_TASK BRIEF_
Copy exactly the lines from the beginning of the data down to and including the line holding "Great room with", without any pictures.

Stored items

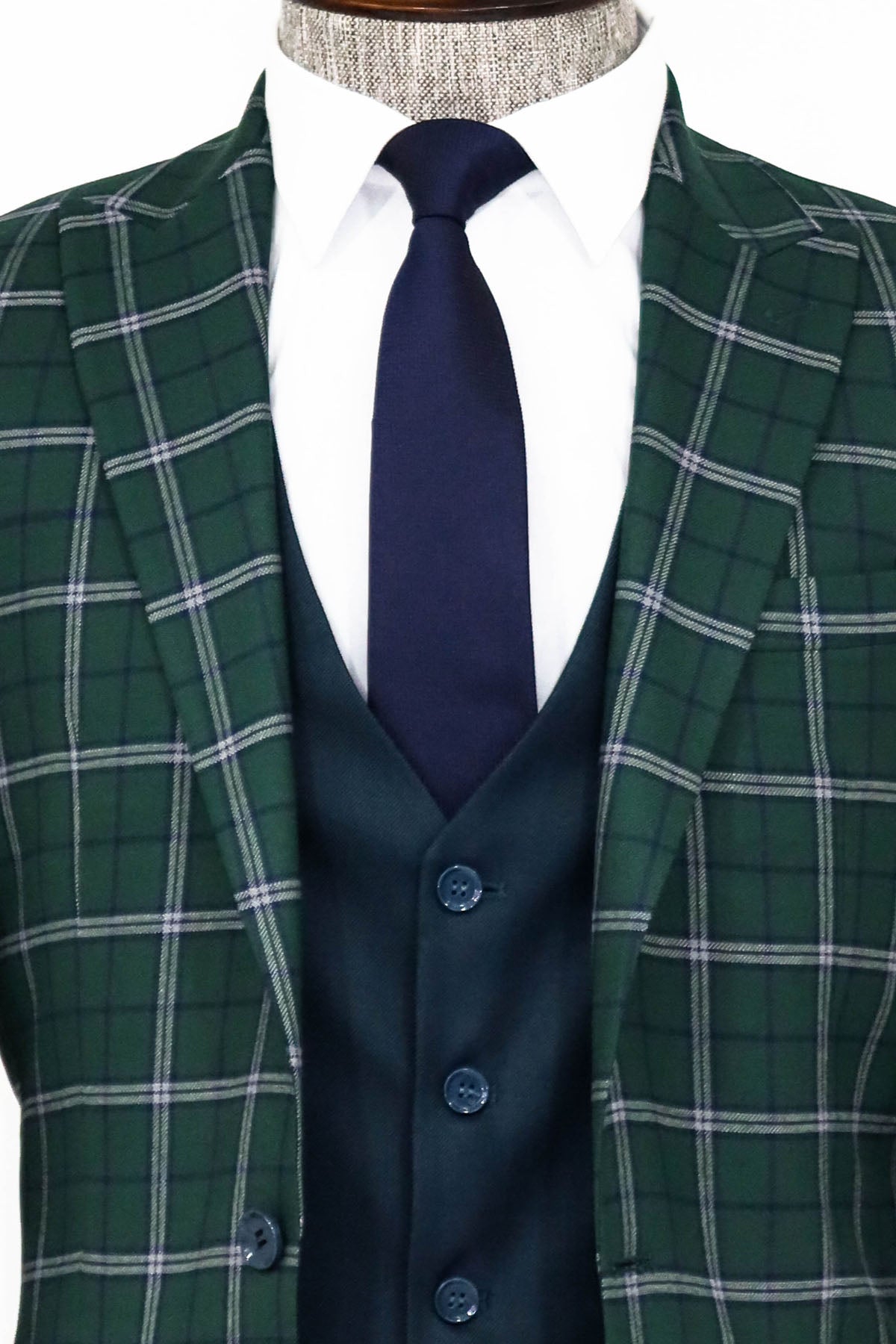 WSS Blue Vested Slim Fit Checked Green Men Suit and Shirt Combination - Titusville
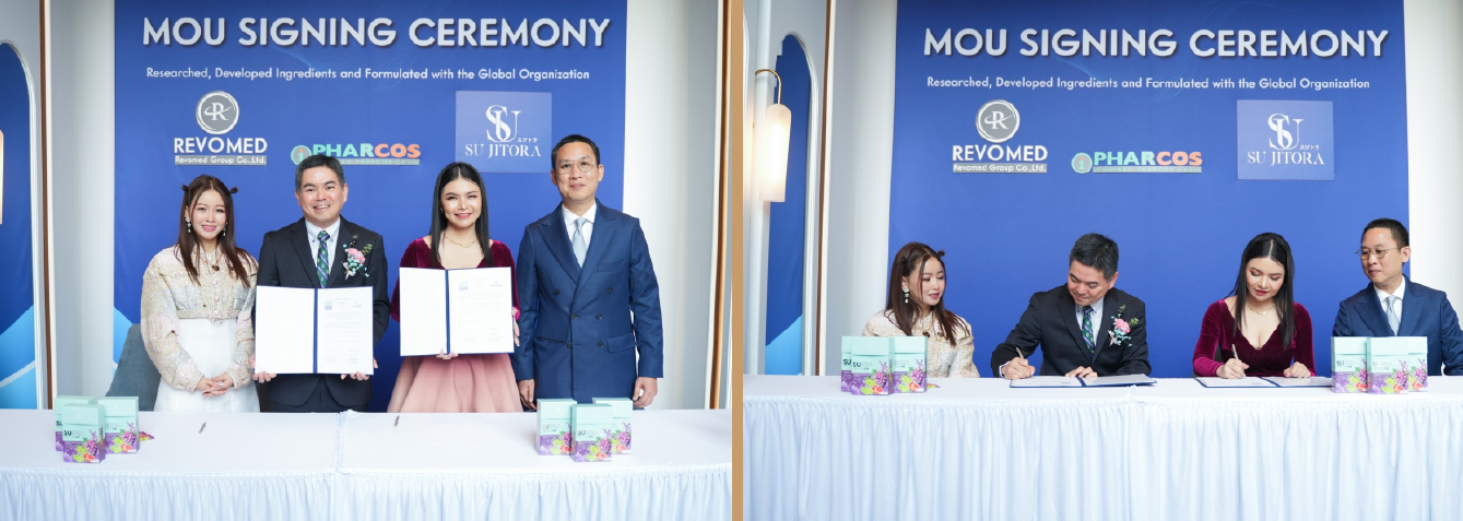 และล่าสุดเมื่อวันที่ 29 มกราคม 2567 ที่ผ่านมา ความเคลื่อนไหวครั้งสำคัญในวงการสกินแคร์และอาหารเสริม เมื่อ คุณ วาสนา อินทะแสง หรือคุณเมย์ CEO, REVOMED (Thailand) โรงงานให้บริการแบบครบวงจร สำหรับผู้ที่อยากผลิตครีม เครื่องสำอาง สินค้าเพื่อสุขภาพและความงาม และอาหารเสริมทุกรูปแบบ ภายใต้แบรนด์ของลูกค้าเอง สามารถรับผลิตได้ทั้งในและต่างประเทศ ได้จับมือ กับ Ichimaru Pharcos เข้าร่วมลงนามบันทึกข้อตกลงความร่วมมือ (MOU) ร่วมกับคุณสุจิตรา เหล็กศรี เจ้าของ แบรนด์ SUJitora
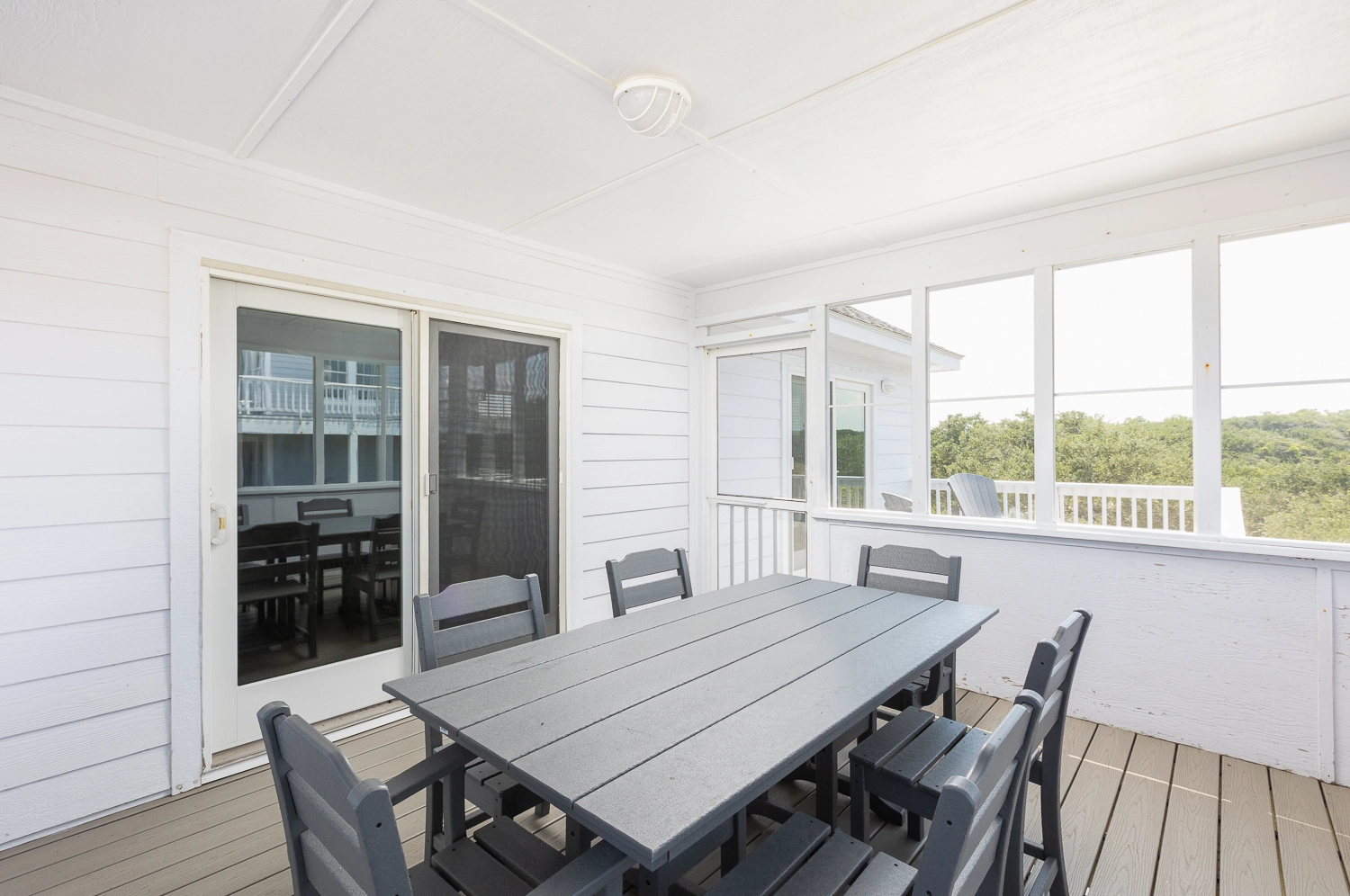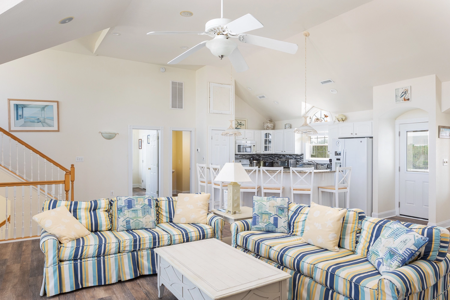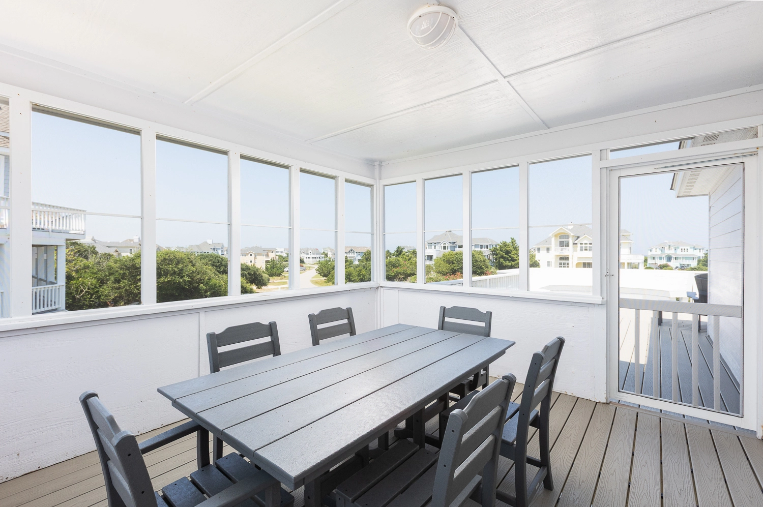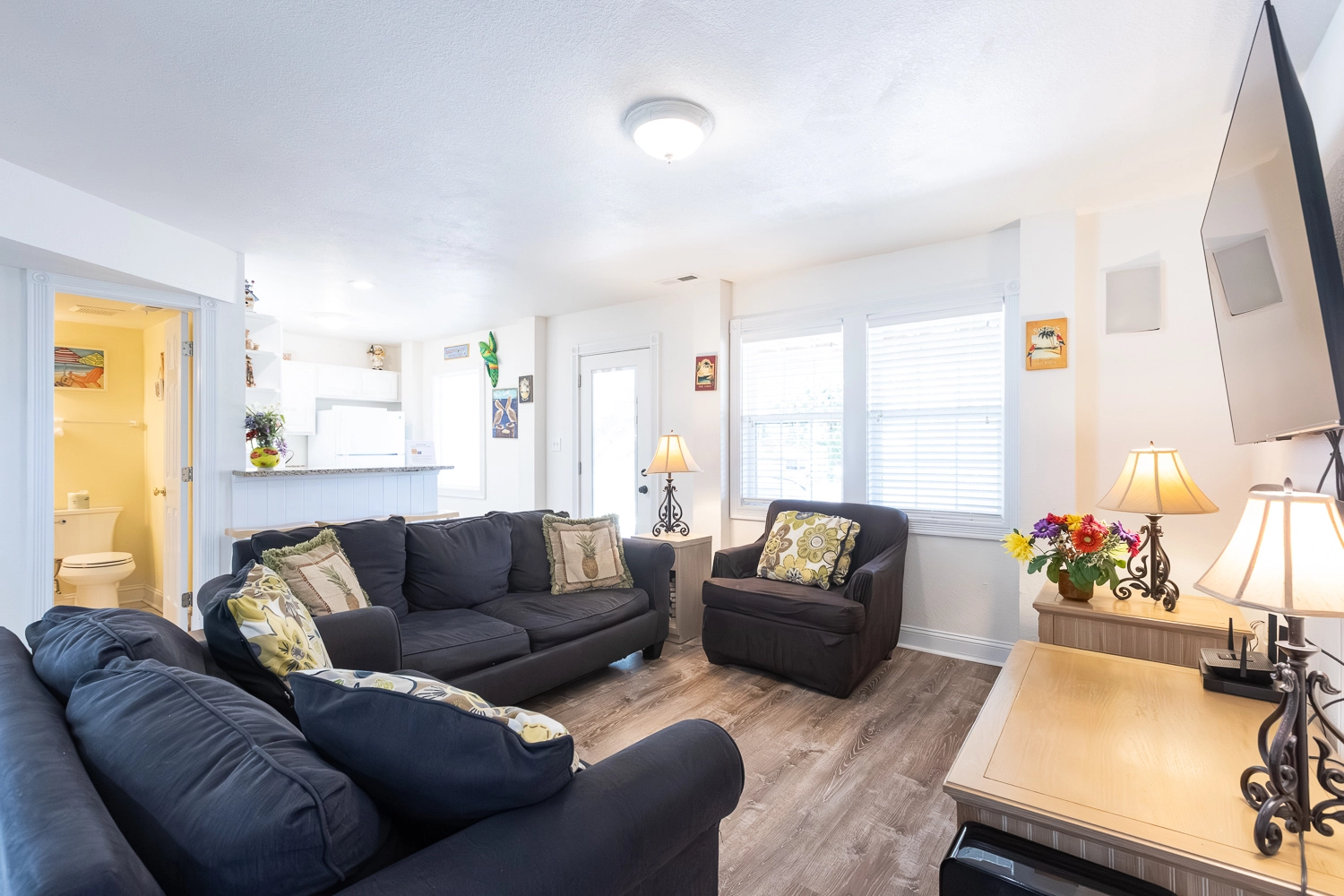 Great room with gas fireplace; kitchen; dining area; screened porch.
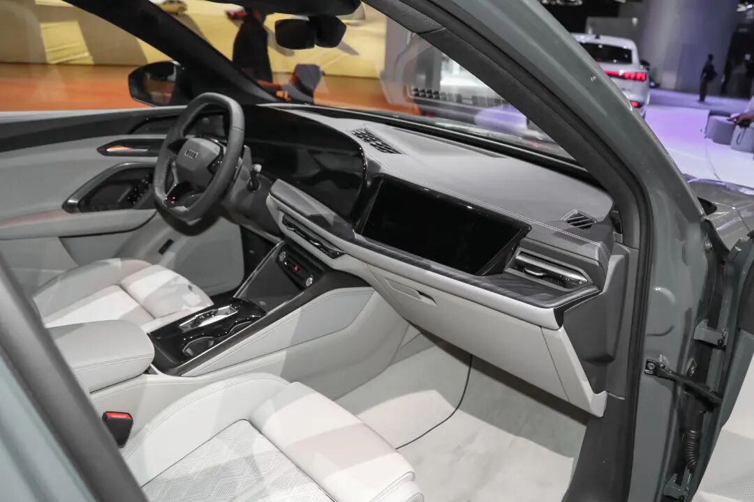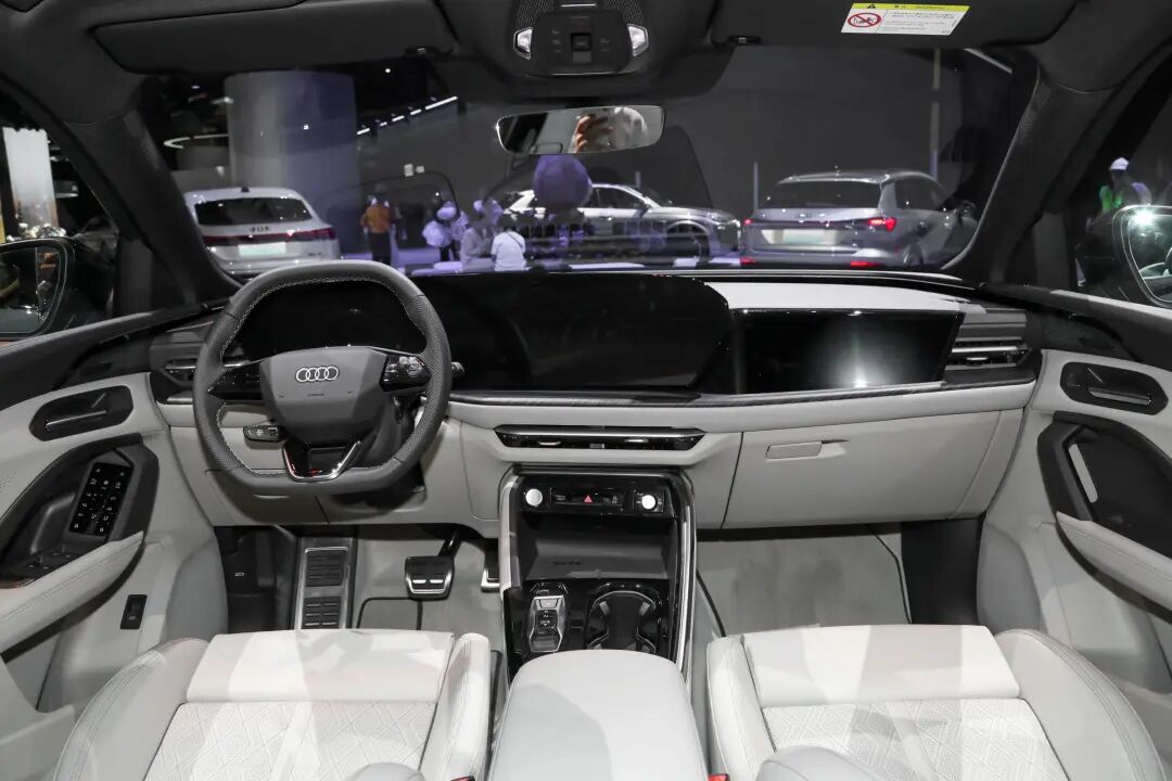 外观方面,新车在现有家族的设计语言上进行创新升级,高位格栅加上狭长的矩形大灯有效拉伸了前脸的视觉宽度,营造出俯冲效果。具体来看,新车前脸使用全新造型的多边形蜂窝状格栅设计,并进行黑化处理,中央镶嵌可发光四环车标,两侧搭配造型狭长的LED大灯组,点亮后视觉辨识度非常高。下包围两侧配备更大的进气口,进气通道还带有镀铬装饰,整体运动属性十足。尺寸方面,新车长宽高分别为4842/1900/1660mm,轴距为2945mm,依然定位中型SUV。作为参考,目前在售的一汽奥迪Q5L长宽高分别为4770/1893/1667mm,轴距为2907mm。相比之下,新车车长增加了72mm,宽度增加了7mm,高度减少了7mm,轴距增加了38mm。
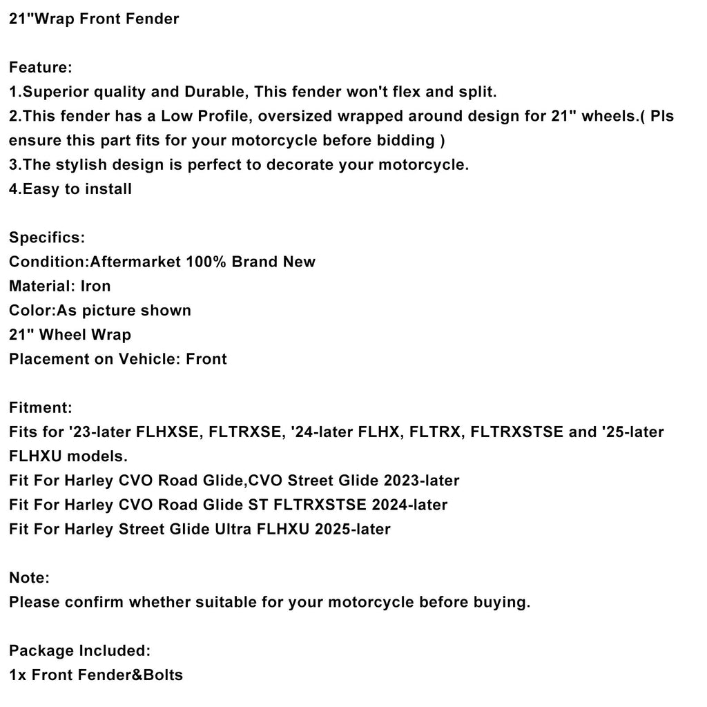 2. Dieser Kotflügel hat ein niedriges Profil und ein übergroßes, umlaufendes Design für 21-Zoll-Räder. (Bitte stellen Sie vor dem Kauf sicher, dass dieses Teil zu Ihrem Motorrad passt.)
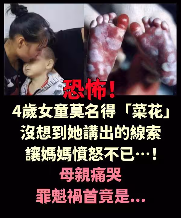 恐怖!4歲女童莫名得「菜花」,沒想到她講出的線索讓媽媽憤怒不已!母親痛哭,罪魁禍首竟是……

_ANSWER TO THIS EXERCISE_
 WSS Blue Vested Slim Fit Checked Green Men Suit and Shirt Combination - Titusville
 และล่าสุดเมื่อวันที่ 29 มกราคม 2567 ที่ผ่านมา ความเคลื่อนไหวครั้งสำคัญในวงการสกินแคร์และอาหารเสริม เมื่อ คุณ วาสนา อินทะแสง หรือคุณเมย์ CEO, REVOMED (Thailand) โรงงานให้บริการแบบครบวงจร สำหรับผู้ที่อยากผลิตครีม เครื่องสำอาง สินค้าเพื่อสุขภาพและความงาม และอาหารเสริมทุกรูปแบบ ภายใต้แบรนด์ของลูกค้าเอง สามารถรับผลิตได้ทั้งในและต่างประเทศ ได้จับมือ กับ Ichimaru Pharcos เข้าร่วมลงนามบันทึกข้อตกลงความร่วมมือ (MOU) ร่วมกับคุณสุจิตรา เหล็กศรี เจ้าของ แบรนด์ SUJitora
 Great room with gas fireplace; kitchen; dining area; screened porch.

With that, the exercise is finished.